Consent may be collected through written documentation (e.g. consent form, written note) or electronically (e.g. email consent, electronic forms). In situations that consent cannot be conveniently obtained in written form or electronically, EFCS may opt to obtain verbal consent and such process shall be approved by the Data Protection Officer.

withdrawal of consent

An individual may withdraw their consent to the use and disclosure of their personal data at any time, unless such personal data is necessary for EFCS to fulfil its legal obligations. EFCS shall comply with the withdrawal request, and inform the individual if such withdrawal will affect the services and arrangements between them and the denomination. EFCS may cease such services or arrangements as a result of the withdrawal.

The withdrawal consent must be in the form of a formal written request addressed to the Data Protection Officer (DPO).
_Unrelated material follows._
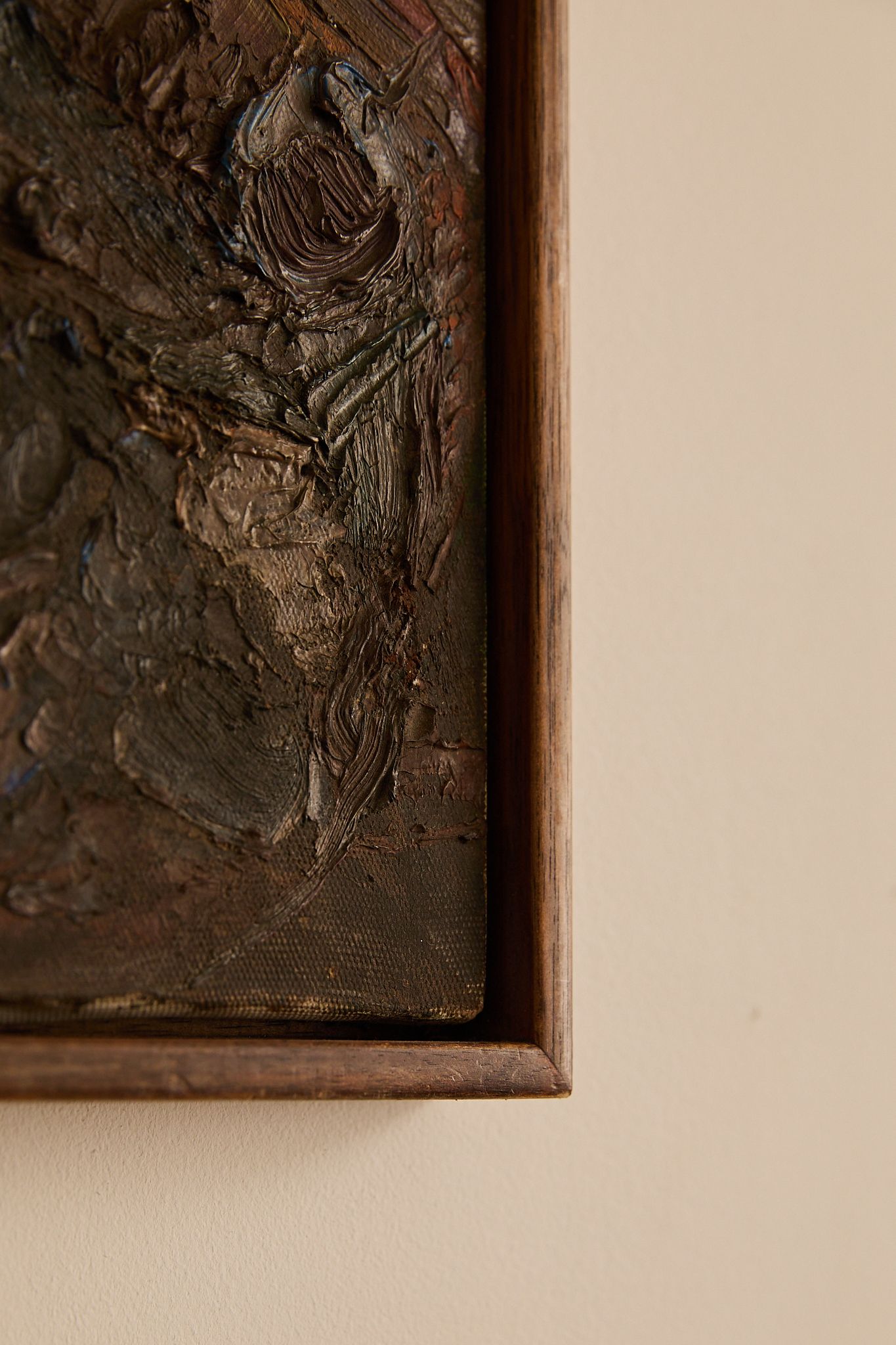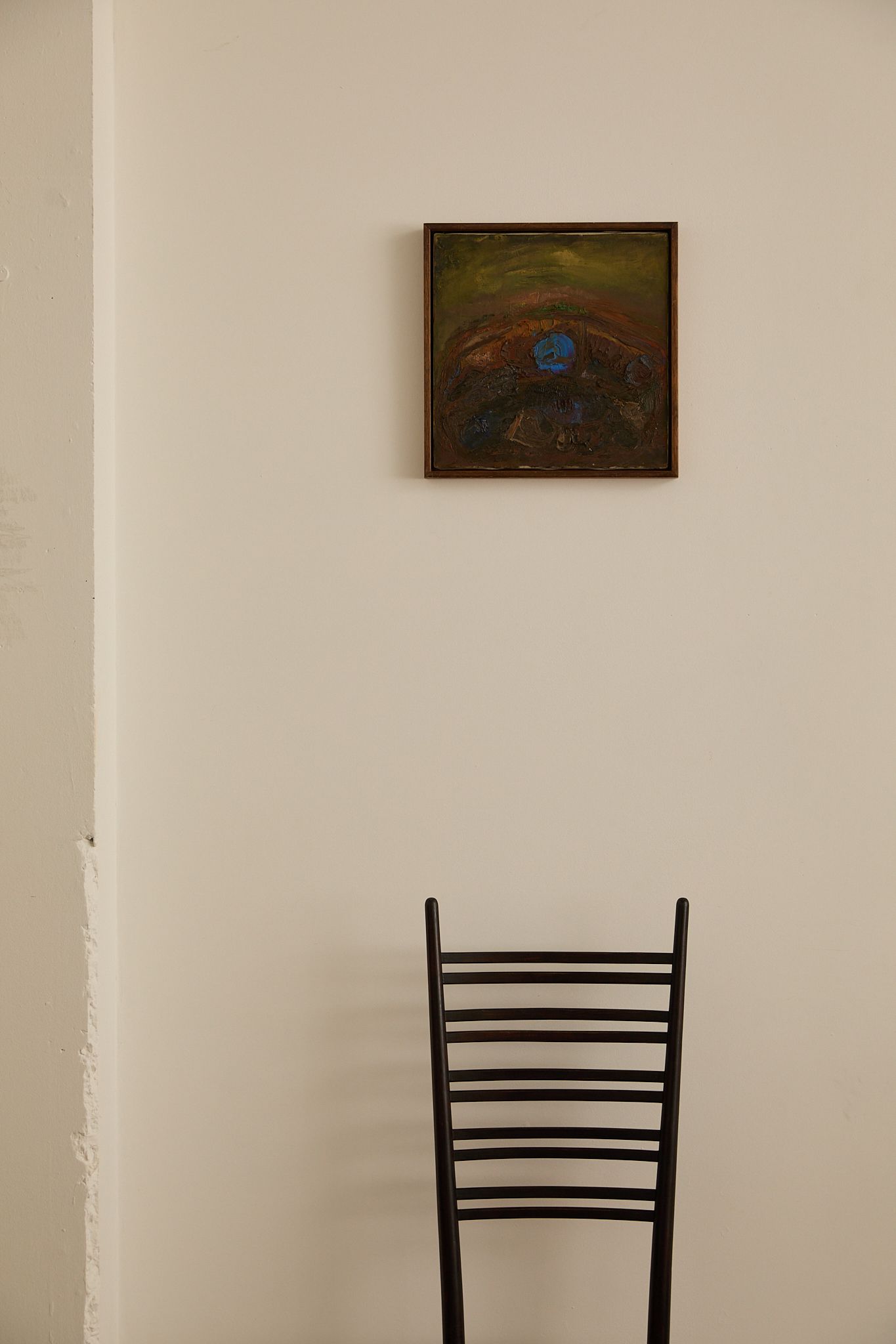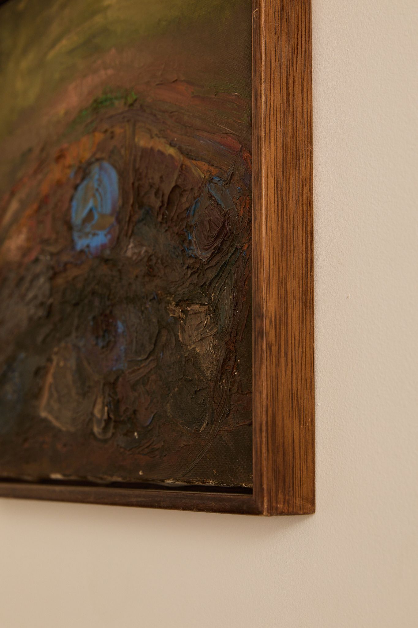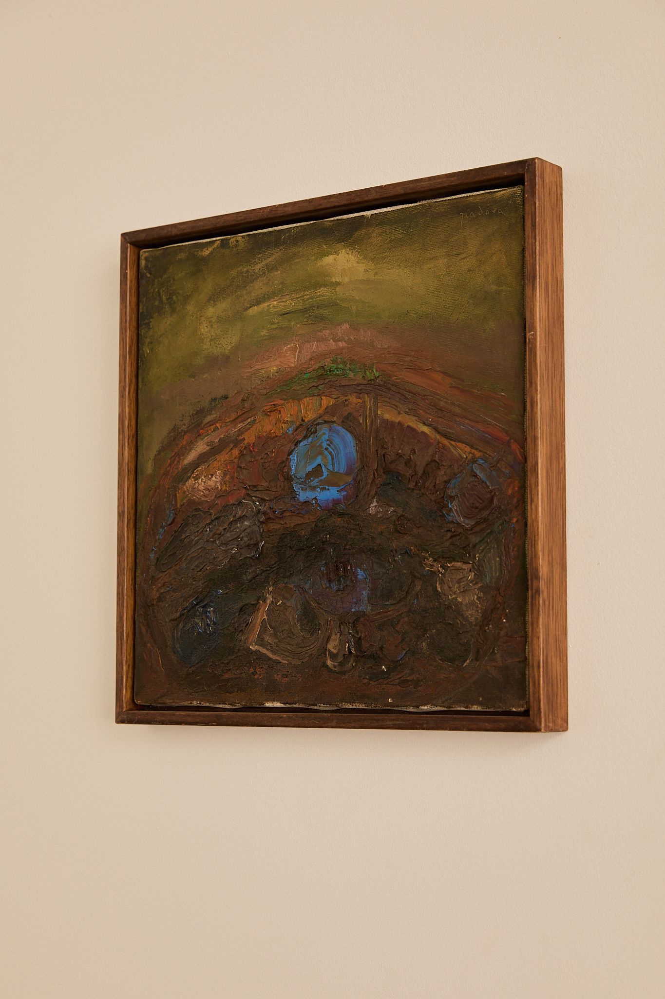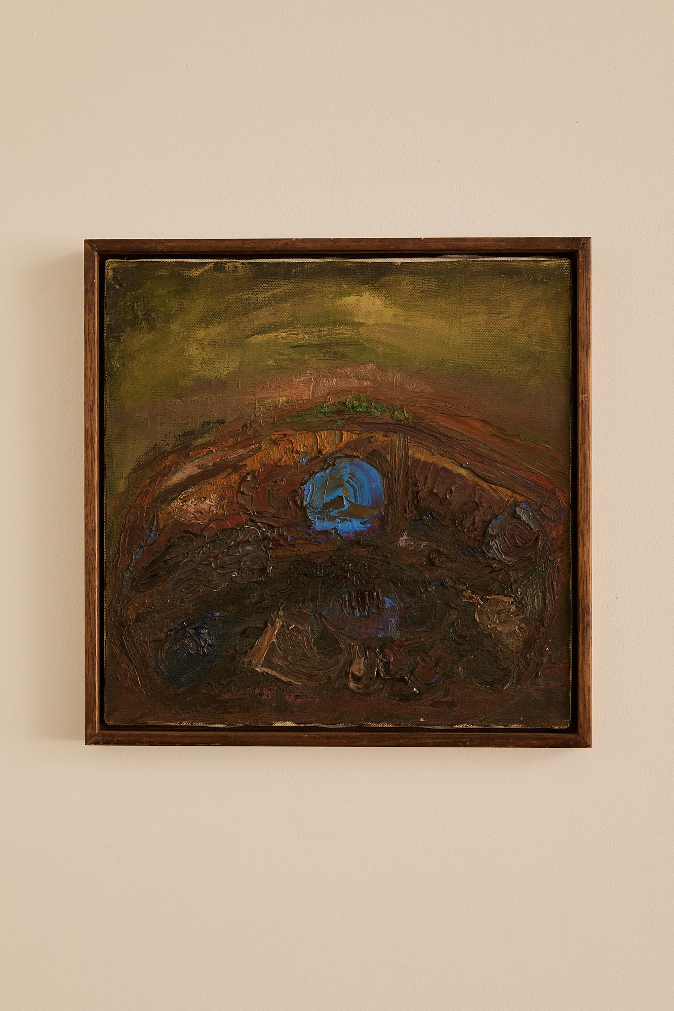 An abstract painting with rich, layered texture and an earthy palette of browns, greens, and deep blues. The composition suggests a buried horizon or inner landscape, with a subtle blue focal point emerging from the darker surface. Presented in its original wooden frame, which forms an integral part of the work. Italian painter Goliardo Padova (1909–1979) fused Po Valley lyricism with modern Milanese currents—from Chiarismo to Corrente—leaving a quietly radical, grain-lit body of work.

EFCS will process the withdrawal request in 30 working days upon receipt of the request.

retention of personal data

EFCS will retain your personal data for as long as it is necessary to fulfil one or more of the purposes stated above, or as required to meet legal, regulatory or accounting requirements.
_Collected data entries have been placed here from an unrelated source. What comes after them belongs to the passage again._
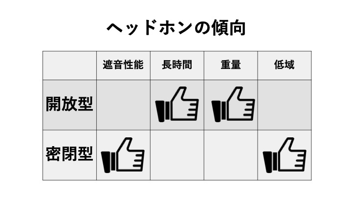 ざっくりと開放型と密閉型の違いを下記にて、まとめてみました。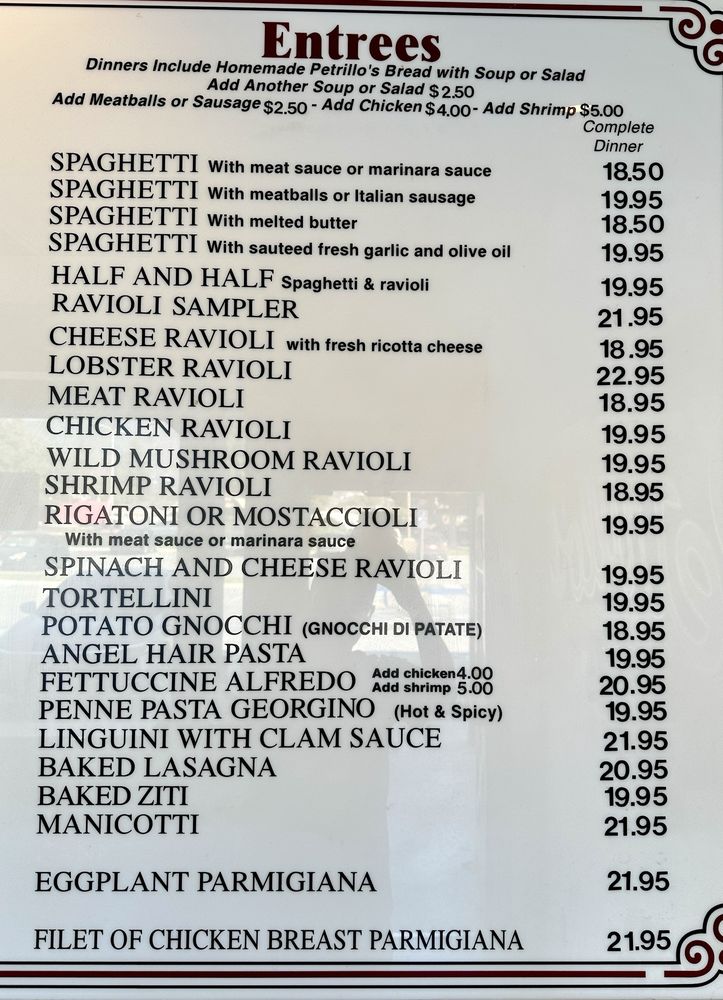Your choice of any two of the entrees served with soup, salad, Petrillo's bread and butter.
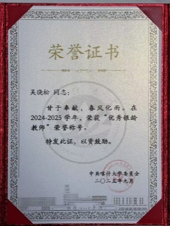 吴晓松老师的《银发映昆仑丹心筑杏坛——我的援疆支教育人故事》获学校 2025 年“讲述我的育人故事”征文二等奖。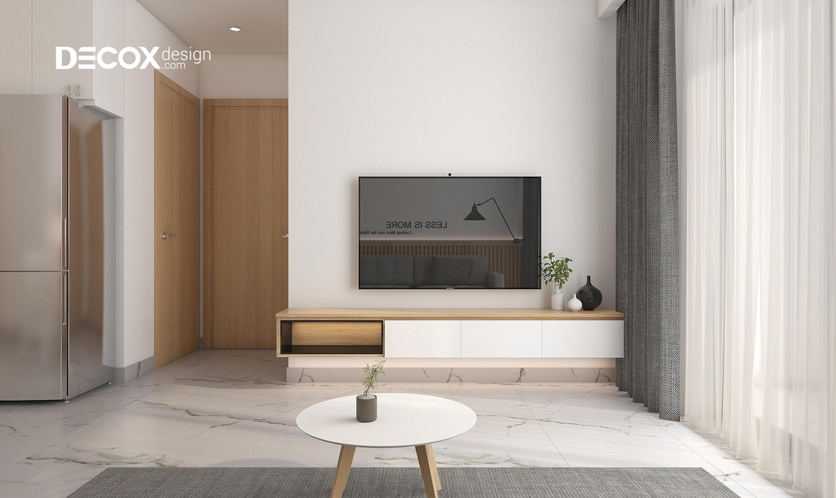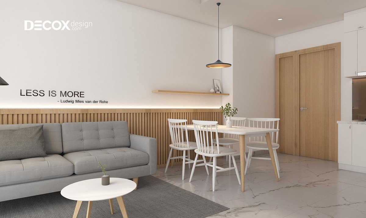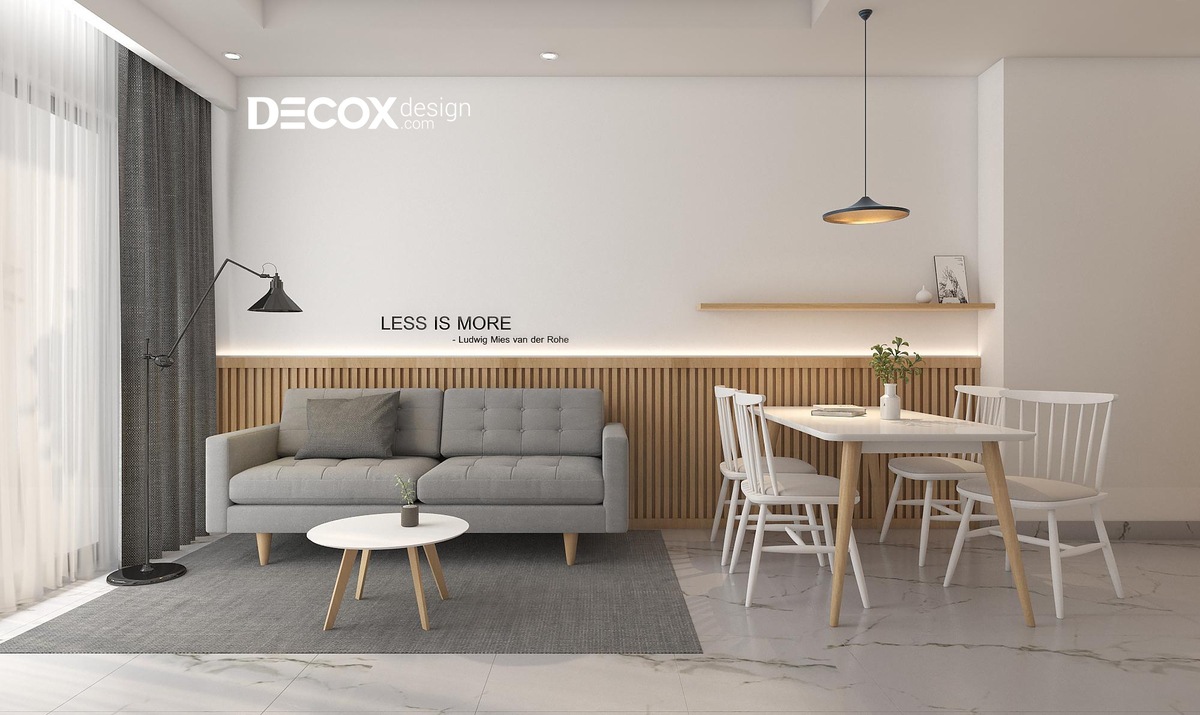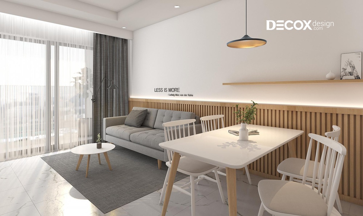 Decox Design mang đến mẫu thiết kế căn hộ chung cư cho những khách hàng không thích sự rườm rà, màu sắc. Họ chỉ thích những gì đơn giản, gọn gàng và để lại ấn tượng tốt cho khách đến chơi nhà.

EFCS shall dispose personal data appropriately with little possibility of data recovery from the process.

security and storage of personal data

EFCS shall take reasonable and appropriate security measures to protect the storage of personal data, such as:

  1. Storing hardcopies of documents with personal records in locked file cabinets;

  2. Storing electronic files that contain personal data in secured cloud services;

  3. Archived paper records and data backup files may be stored in off-site facilities or service providers provided such facilities are secured.

EFCS shall ensure that personal data held must be secured and protected against unauthorized access and theft by:

  1. IT networks that host personal data are secured and protected against unauthorized access.

  2. Personal computers and other computing devices that have access to personal data are password protected.

  3. Personnel and other files that contain sensitive or confidential personal data are secured and only made available to staff with authorized access.

  4. Ensure that IT service providers’ services or provisions comply with security standards in line with industry practices.

disclosure of personal data

EFCS will not disclose your personal data to external parties without your consent, except in specific circumstances where authorised or required by law to do so, or when such action is deemed necessary to:

  1. comply with any legal process served on EFCS

  2. protect and defend the rights of EFCS

  3. protect the personal safety of participants of EFCS or the public

video recording, photography, and cctv

Video footage, photos, and CCTV may constitute personal data if an identifiable individual is captured:

  1. Appropriate notices shall be put up to inform that the premises are covered by CCTV video surveillance.

  2. Notices shall be put up to inform visitors and volunteers that photographs and videos taken may be used by EFCS for communication and publicity purposes in print or electronic media.

  3. For special events, it should be stated in the invitation that photographs of attendees will be taken at the function for communication and publicity in print and electronic media.

  4. If photos and videos are taken out of the context of the above, EFCS must obtain an individual’s consent before using them.

Only authorized EFCS staff and office holders are allowed to access personal data. Where in doubt, please seek the advice of the Data Protection Officer.

access and correction process

The Data Protection Officer (DPO) will have oversight of all personal data access or correction requests and ensure that they are processed in accordance with this Policy. Request for personal data access or correction by individuals, including any enquiries and complaints, shall be submitted to EFCS in writing to the DPO at the following address and contact information:

Evangelical Free Church of Singapore
2 Kallang Ave #10-26
CT Hub @ Kallang
Singapore 339407
Email: dpo@efcs.org.sg

policy review

EFCS will review this Data Privacy Policy from time to time and it will be maintained and updated by the Data Protection Officer in a timely and appropriate manner.